Our results support the second assumption, because if the rats were using a large set of configural habits, then they should have exhibited increased variance and larger residuals in their behavior when confronted with novel offers, and if they were comparing cached values, then they should not have required any experience to reach proficiency when confronted with novel pairs. That the rats were able to respond as accurately on novel offers as on experienced offers and yet required learning with novel pairs suggests that, even in very well-trained subjects, the choices are being made by reference to some sort of model or goods space. This conclusion is in line with arguments that behavior is inherently model based in such complex designs. However, this then raises a conundrum, because the standard behavior in this design is immune to inactivation of the OFC, at least in rats that have become proficient on the task (but see Kuwabara et al., 2020, in which inactivation of lOFC in mice affects behavior on an odor-guided economic choice task, and also our comment on this paper in Gardner et al., 2019). This insensitivity to inactivation of either medial OFC or lOFC contradicts the general interpretation that OFC-independent behaviors gain that independence because they can be mediated without reference to such internal models.

This brings us to the first assumption, which is that the subjective preferences underlying economic choice behavior are not learned. Despite the substantial experience of the rats in the current study with each of the pellets being used and the close similarity between the different pellets, both of which should have minimized the need for any further evaluation of the pellets, we still found that rats required experience making choices between two pellets in order to establish stable preferences. This suggests that, even when two goods are part of an established goods space, there are still adjustments that must be made through trial and error before the precise relationship between them can be established. Although contrary to the idea that subjective preferences are not learned, this makes intuitive sense if one considers how often we are unhappy with our choices, particularly ones we have not had a chance to make hundreds or thousands of times.

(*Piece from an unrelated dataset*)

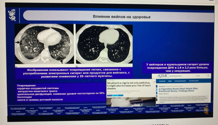 "Я сам хирург, который сделал более пяти тысяч операций на легких. С левой стороны (на фото - прим.) - это легкие курильщика. Не просто курильщика. В 2019 году на конгрессе ВОЗ показывали такое, и мы тогда думали, что в природе не бывает пневмонии, чтобы одновременно или две нижние доли, или две верхние доли заболевали. Это априори невозможно, потому что бронхиальное дерево устроено так. А вот эта симметричность... Мы тогда подумали, что это может быть начало нового коронавируса, но теперь-то становится понятным, что это никакой не коронавирус, это из-за потребления электронных сигарет", - пояснил Абай Байгенжин.
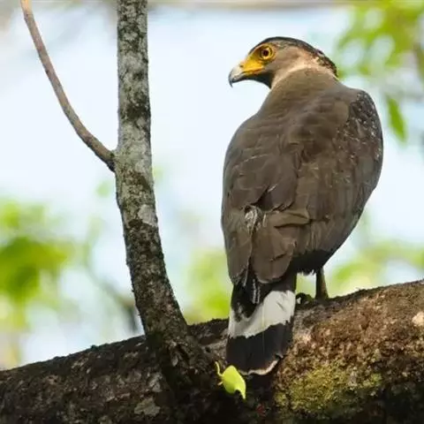 鹰雕,是隼形目鹰科鹰雕属大型猛禽,俗称熊鹰、赫氏角鹰。其上体暗褐色,头后冠羽常竖立起,…

And it was this particular ability—the ability to adjust the established goods space to quickly incorporate and then use this new information to more precisely control choice behavior—that was disrupted by lOFC inactivation. Specifically, inactivation of the lOFC made the rats’ initial choices more variable and prevented the normal adaptation we saw during the initial choices between novel pellet pairs in control sessions. The increase in the variability of the choice in addition to the increased preference offset indicates that rats were at a loss to constrain behavior during the adaptation, a finding raising interesting parallels to proposals that lOFC is involved in confidence (Kepecs et al., 2008; Masset et al., 2020). This effect was not observed with inactivation of medial OFC, nor was it evident when lOFC was again inactivated in the same rats just several sessions later, after the goods space was presumably established. The effect of lOFC inactivation was only apparent during this initial period of adjustment. The specificity of the role of lOFC is at odds with the proposal that this region is specifically required for the comparison of values determined from model-based associations (Padoa-Schioppa, 2011); however, it is consistent with the idea that lOFC is especially important for the evaluation of such associations when prior direct experience with the evaluation is non-existent or perhaps incomplete or inadequate.

If our results, with regard to lateral orbitofrontal function, can be generalized outside the boundaries of economic choice, it would suggest a much narrower and more restricted role for the lateral subdivision in supporting behaviors based on mental simulation, model-based processing, or cognitive mapping. Rather than being necessary for all such operations, the lOFC may instead be specialized, within a circuit of structures, for incorporating new information into existing maps and for generalizing from old to new situations. This idea recognizes that most of the well-controlled behaviors dependent on lOFC require both model-based processing and either generalization to new situations or the integration of new information into an established map. These are inherently intertwined processes because the onus of showing that a behavior is model based requires display of the model within a new situation. For example, OFC-dependent deficits are observed in reinforcer devaluation (Gallagher et al., 1999; Gardner et al., 2017; Howard et al., 2020; Izquierdo et al., 2004; Parkes et al., 2018; West et al., 2011), sensory preconditioning (Jones et al., 2012; Wang et al., 2020), over-expectation (Takahashi et al., 2009, 2013), and specific transfer (Lichtenberg et al., 2017; Ostlund and Balleine, 2007). In each, the lOFC is necessary in the final probe test, where there is a requirement for a cognitive map but also a need to extend it to incorporate new information or to adapt behavior to new circumstances.

This is also true in less well-controlled settings, such as reversal learning, where deficits can be observed after OFC manipulations but only on the first few reversals (Schoenbaum et al., 2002), when arguably a new cognitive map is being developed to handle the procedure. With experience, OFC becomes unnecessary, even for new reversal problems. Although this has been interpreted as reflecting the development of a policy, it could reflect the independence of established cognitive maps.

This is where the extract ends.